### Task requirements:
Return only the lines below starting at the line containing "Đây là bản xem" and ending at the line containing "Environ un millier", both included, exactly as they are and with no pictures.
(Data for this task Opens)
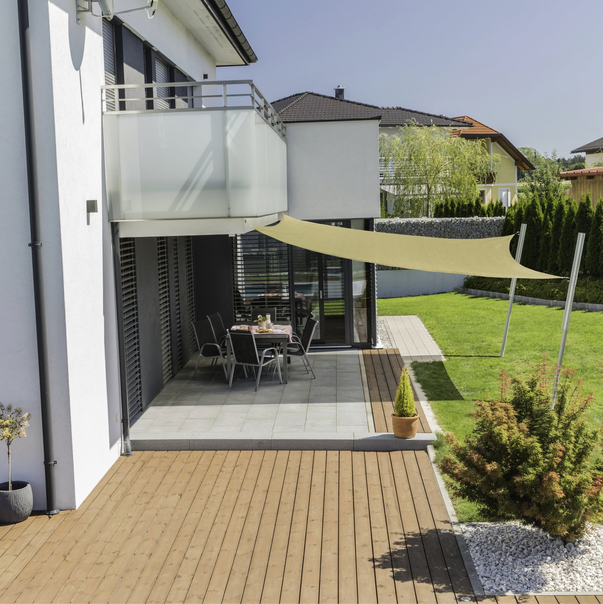 Het vierkante zonnezeil is ideaal voor schaduw in de tuin, op terras of op het balkon. Ook boven het zwembad of de zandbak is het op warme dagen een verademing.
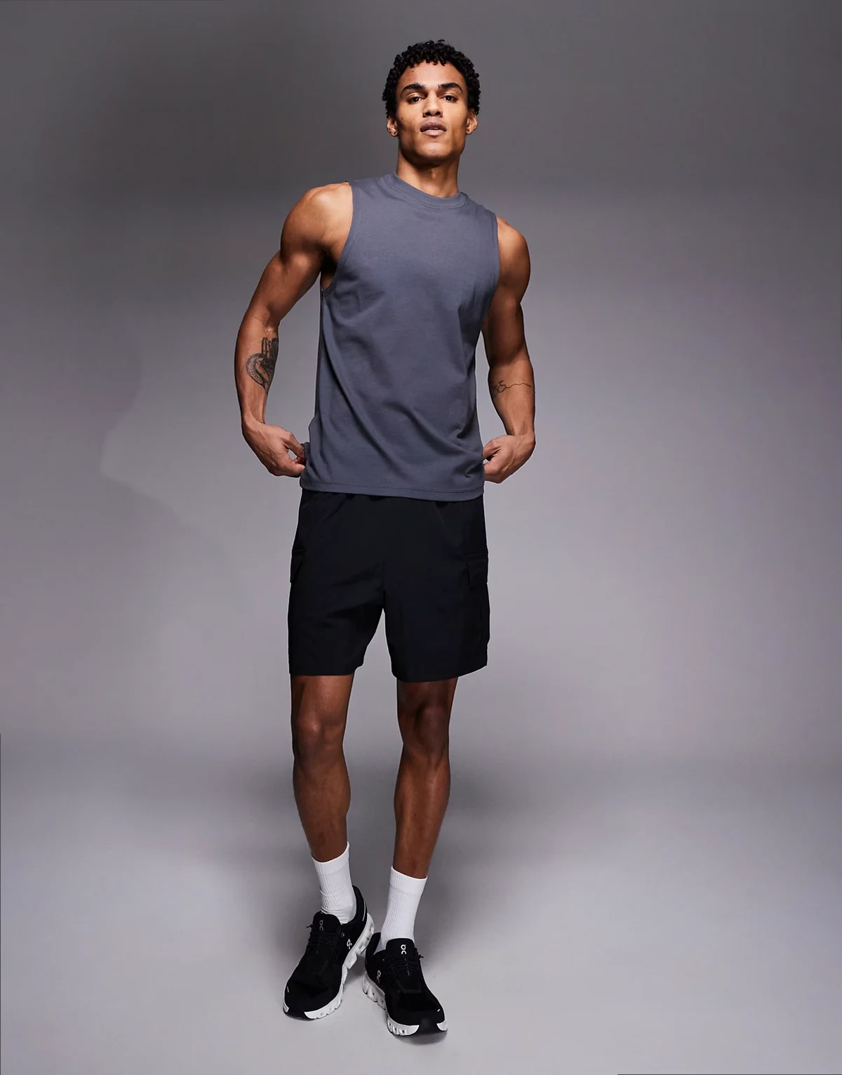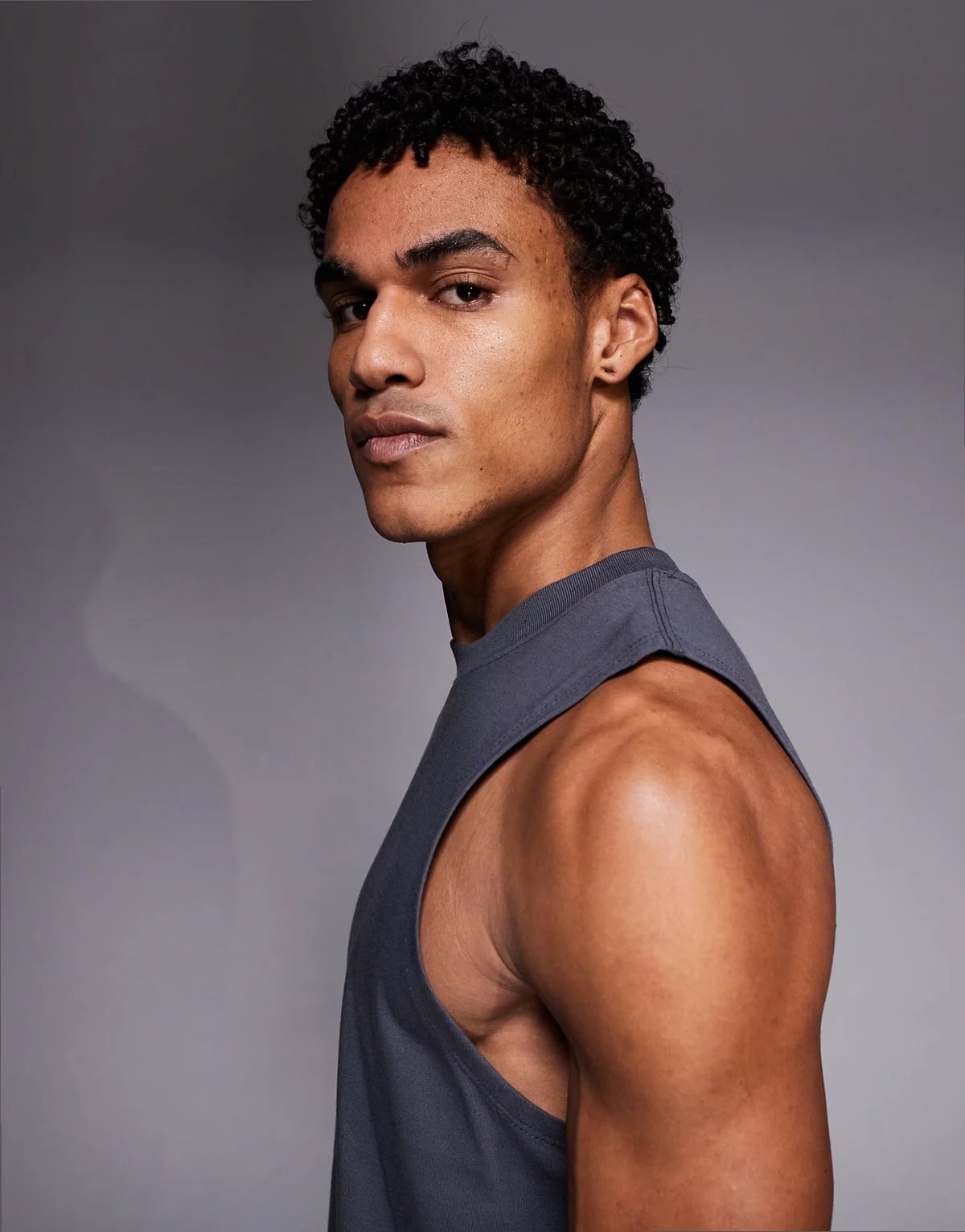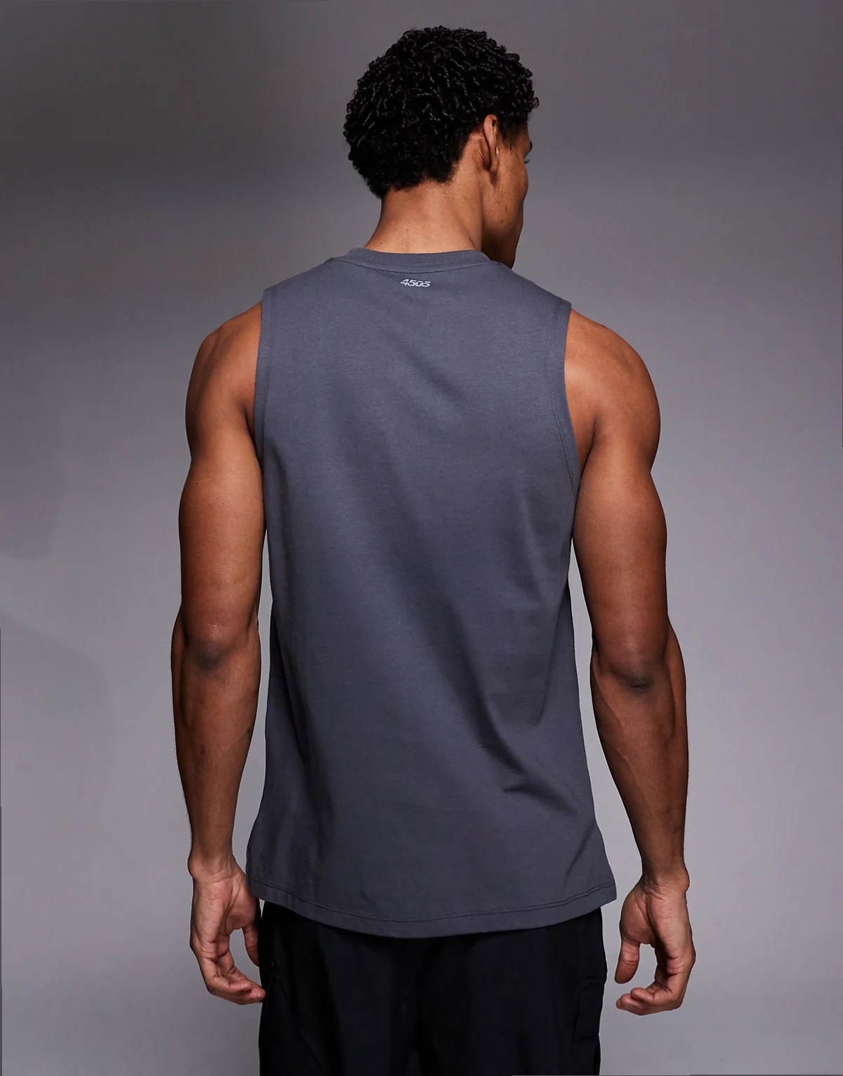 Icon dropped armholes cotton training tank top with quick dry finish in charcoal
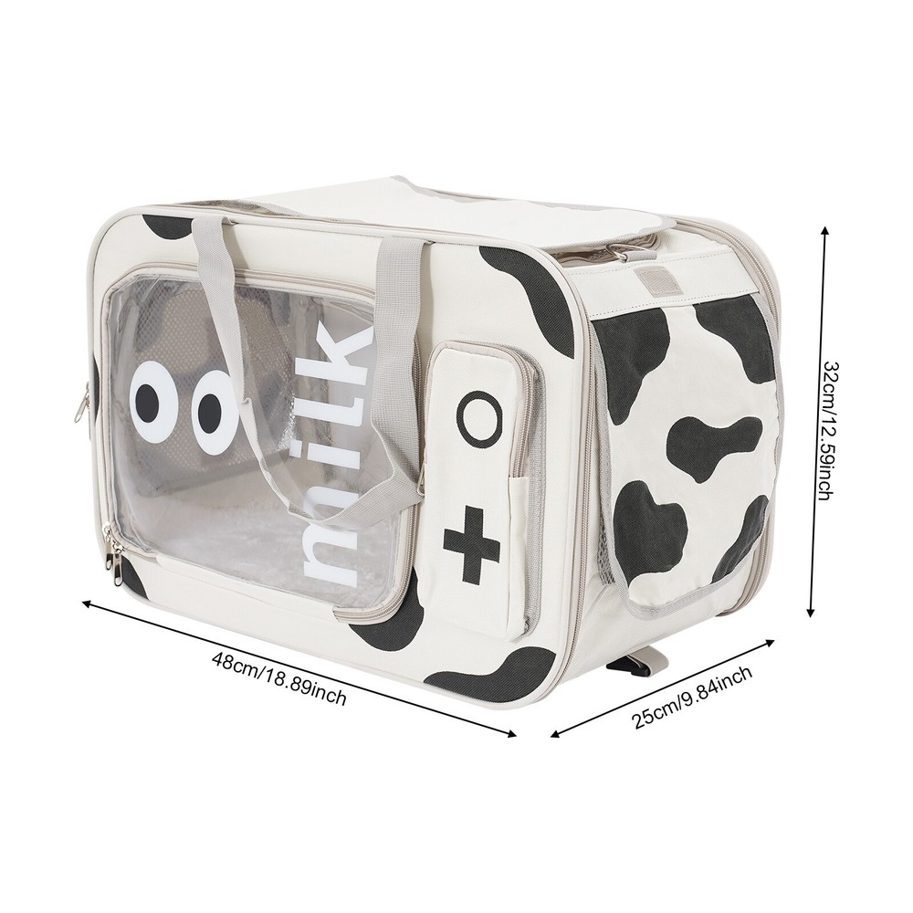 Application It is suitable for carrying cats up to 22.05 lbs or small dogs up to 16.53 lbs for walks, travel, medical outings, outdoor activities, weekend hiking, camping, picnics, and more. Specification Color: Beige, Black Shape: Rectangular Material: Oxford Fabric, PVC, Steel Wire Suitable Subject: Dogs up to 7.5kg/16.53lbss: Cats up to 10kg/22.05lbs or Small Product Size: 48*25*32cm/18.89*9.84*12.59in Package Size: 51.5*39*6.5cm/20.28*15.35*2.56in Gross Weight: 1.5kg/3.31lbs Net Weight: 1.43kg/3.15lbs Package Included 1* Pet Bag 1* Shoulder Strap 1* Soft Pad Travel Pet Carrier Pet Bag For Cats/small Dogs Oxford Cloth Pet Backpack Carrier Description Designed for loving pets, this pet bag can instantly attract the attention of passersby with its unique design and cute shape. Made of premium materials and featuring a spacious interior and well-ventilated design, it ensures the comfort and safety of your pet and allows your pet to enjoy pleasure while traveling. Whether you are taking a walk or traveling, it is a great companion for you and your pet, showing warmth and style. Key Features Last for Years: This product is made of premium Oxford fabric, PVC, and steel wire, making it wear-resistant, stain-resistant, tear-resistant, and odorless , to ensure a long service life. Large Space: It has a spacious space(18.89* 9.84*12.59 in) that allows your pets to lie down comfortably to rest and turn around, and enjoy more comfort during going out. Strong Weight Capacity: Premium materials and sturdy steel wire skeleton structure provide a strong weight capacity for the product, which can accommodate most cats and kittens up to 22.05 lbs and small dogs up to 16.53 lbs so that you can use it with peace of mind. Thoughtful Design: Small windows on the left, right, and top with shades ensure good ventilation, allow you to easily observe your pet when open, and keep out the wind when closed. Simple to Store: When you are not using it, you can quickly fold it up and place it in corners or lockers without taking up too much space. Easy to Carry: Two wider carrying handles and an adjustable shoulder strap are ergonomically designed to make it easy for you to carry this product by hand or hang it on your shoulder to carry your favorite pet anywhere. Convenient Cleaning: Thanks to its simple structure and stain-resistant Oxford fabric material, you can easily wipe it clean with a damp cloth(not included), convenient for daily maintenance. Beautiful and Cute: The interesting cow spot patterns and cute big eyes give this product an appealing outlook, and you will be a bright sight on the street when you take your cat out with this exquisite bag. Ideal Gift: Thanks to its practicality and beauty, it makes an ideal gift for friends and family who have pets and often go out with them. Buy with Confidence: We stand behind all our guests and look forward to assisting you with your purchase. It is our pleasure to answer your confusion and questions. The end of the story between us is not "we sell and you buy". Details Soft Pad: It provides a comfortable and reassuring environment for your pet. Anti-Running Rope: It has a built-in locking clip to secure your cat in place and prevent it from escaping. Reflective Strip: It provides security for your traveling at night. Storage Bags: The front and back storage bags are convenient for you to store more cat supplies(not included). Application It is suitable for carrying cats up to 22.05 lbs or small dogs up to 16.53 lbs for walks, travel, medical outings, outdoor activities, weekend hiking, camping, picnics, and more. Specification Color: Beige, Black Shape: Rectangular Material: Oxford Fabric, PVC, Steel Wire Suitable Subjects: Cats up to 10kg/22.05lbs or Small Dogs up to 7.5kg/16.53lbs Product Size: 48*25*32cm/18.89*9.84*12.59in Package Size: 51.5*39*6.5cm/20.28*15.35*2.56in Gross Weight: 1.5kg/3.31lbs Net Weight: 1.43kg/3.15lbs Package Included 1* Pet Bag 1* Shoulder Stra p 1* Soft Pad Notes Please check the style and size, and measure your pet's size before purchasing. Please do not choose the pet bag only based on your pet's weight. Please note that this package does not include other pet supplies. Please do not exceed its maximum weight capacity when using it. Please allow the slight color difference caused by the shooting light and 1-3cm error due to manual measurement and make sure you do not mind before ordering. Payment Delivery details Terms of sales About us Contact us Payment We accept ebay payment 。 Fees such as import duties, taxes are not included in the item price or shipping costs. These charges are the buyer's responsibility. Delivery details Shipping: 2-9 working days to: USA Terms of sales We maintain high standards of excellence and strive for hundred percent customer satisfaction. Feedback is very important to us. We hope that you contact us immediately before you give neutral or negative feedback, so that we can address your concerns. It is impossible to address issues if we do not know about them! About us Your satis faction is our ultimate goal. We work hard to earn your trust and future business. Our certified technicians have tested each item before shipping. The unit comes with 1 year limited warranty on all manufacturing defects. a) If you receive a defective item, you may return it or ask for a discount. Please contact us within 14 days after you receive the package. b) What you returned must be intact and in its original packaging as re? u. Customer is responsible for shipping costs of the returned item. c) We will cover the cost of shipping back t with the shipping rate indicated in the registration page. We will send you a new unit or refund the full payment you paid. Thank you. Contact us Business Hour Business Hour: Monday To Friday: 8:30 AM to 5:00 PM (Beijing China time) Due to time zones, our reply to your questions may not be immediately. But within above working time, we will reply your email within 24 hours. If it's non-wo
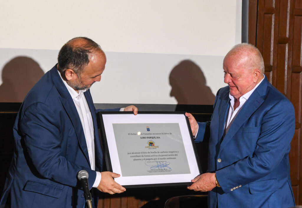 Der Loro Parque ist der einzige Zoo der Welt, der einen negativen CO2-Fußabdruck hat. Dies ist ein Ereignis, das nicht nur für das Unternehmen, sondern auch für den Kampf gegen den Klimawandel einen Wendepunkt darstellt. Bei einem Besuch heute, am 3. April, überreichte der Minister für Ökologischen Wandel, Kampf gegen den Klimawandel und Raumplanung der Regierung der Kanarischen Inseln, José Antonio Valbuena, dem Loro Parque eine Auszeichnung für diese außergewöhnliche Leistung.
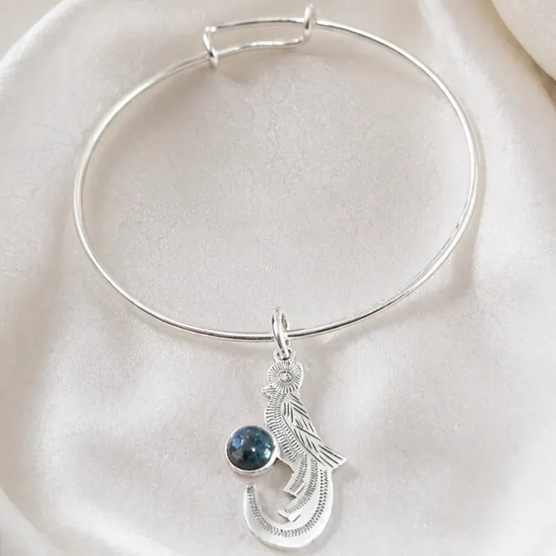 Pulsera de plata ajustable diseño exclusivo con dije de colibrí.
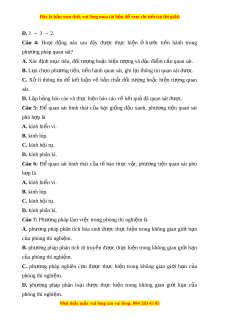 Đây là bản xem th , vu ử i lòng mua tài li u ệ đ xe ể m chi ti t (c ế ó l i ờ gi i ả ) D. 1 → 3 → 2. Câu 4: Ho t ạ đ ng ô nao sau đây đư c ợ th c ư hi n ê ơ b ư c ơ ti n ê hanh trong phư ng ơ pháp quan sát? A. Xác đ nh m i c u tiêu, đ i ô tư ng ợ ho c hi ặ n t ê ư ng va ợ đ c đi ặ m ể c n quan s â át. B. L a ư ch n ph o ư ng t ơ i n, t ê i n hanh quan s ê át, ghi l i
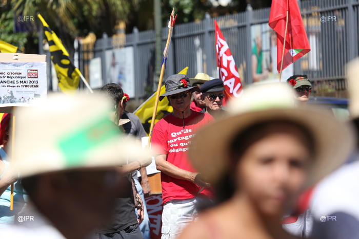 Environ un millier de personnes manifestent à Saint-Denis ce mercredi 1er mai 2013. Malgré l'absence de la CFDT et de la CFTC, la CGTR, l'UNEF, la FSU et le SAIPER estiment qu'ils ont réussi à mobiliser. Les salaires, la lutte contre le pouvoir d'achat mais surtout le refus de l'accord national interprofessionnel (ANI) étaient au coeur des revendications. "Nou tienbo, nou larg' pa" a été l'un des principaux slogans scandés dans le défilé. Parmi les personnalités présentes: la députée-maire de Saint-Paul Huguette Bello, son premier adjoint Jean-Marc Gamarus, le maire du Port Jean-Yves Langenier, son 5ème adjoint et futur candidat à la mairie du Port, Henry Hippolyte, le maire de Sainte-Suzanne, Maurice Gironcel, ou encore Jean-Hugues Ratenon, président de l'Alliance des Réunionnais contre la pauvreté (ARCP).
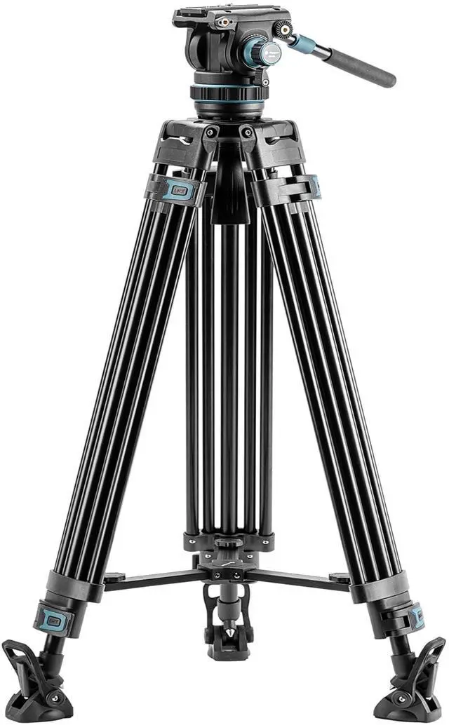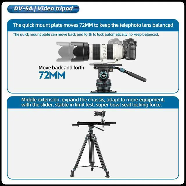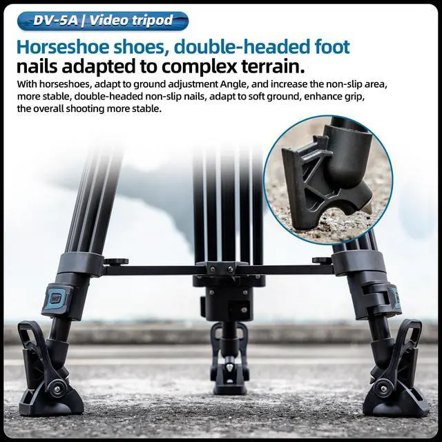 Video: The Fotopro DV-5A video tripod is crafted from premium aluminium with 22mm diameter tubes for enhanced strength and rigidity. The tripod stand alone supports up to 40kg ( 88.18 lbs), while the full set with fluid head supports 22.04 lbs, making it perfect for heavy camera rigs and long telephoto lenses like 800mm ^^ Horseshoe-Shaped
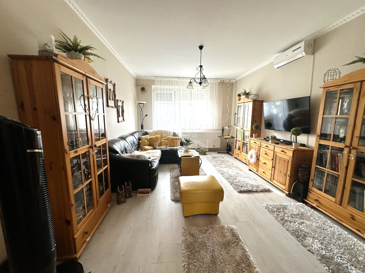 A 4 lakásos lépcsőházban elhelyezkedő első emeleti lakás 64 m2-es, mind műszakilag, mind esztétikailag teljes körűen felújított, hatalmas műanyag nyílászáróinak köszönhetően pedig nagyon világos is.
(Data for this task Closes)
### Answer to this task:
 Đây là bản xem th , vu ử i lòng mua tài li u ệ đ xe ể m chi ti t (c ế ó l i ờ gi i ả ) D. 1 → 3 → 2. Câu 4: Ho t ạ đ ng ô nao sau đây đư c ợ th c ư hi n ê ơ b ư c ơ ti n ê hanh trong phư ng ơ pháp quan sát? A. Xác đ nh m i c u tiêu, đ i ô tư ng ợ ho c hi ặ n t ê ư ng va ợ đ c đi ặ m ể c n quan s â át. B. L a ư ch n ph o ư ng t ơ i n, t ê i n hanh quan s ê át, ghi l i
 Environ un millier de personnes manifestent à Saint-Denis ce mercredi 1er mai 2013. Malgré l'absence de la CFDT et de la CFTC, la CGTR, l'UNEF, la FSU et le SAIPER estiment qu'ils ont réussi à mobiliser. Les salaires, la lutte contre le pouvoir d'achat mais surtout le refus de l'accord national interprofessionnel (ANI) étaient au coeur des revendications. "Nou tienbo, nou larg' pa" a été l'un des principaux slogans scandés dans le défilé. Parmi les personnalités présentes: la députée-maire de Saint-Paul Huguette Bello, son premier adjoint Jean-Marc Gamarus, le maire du Port Jean-Yves Langenier, son 5ème adjoint et futur candidat à la mairie du Port, Henry Hippolyte, le maire de Sainte-Suzanne, Maurice Gironcel, ou encore Jean-Hugues Ratenon, président de l'Alliance des Réunionnais contre la pauvreté (ARCP).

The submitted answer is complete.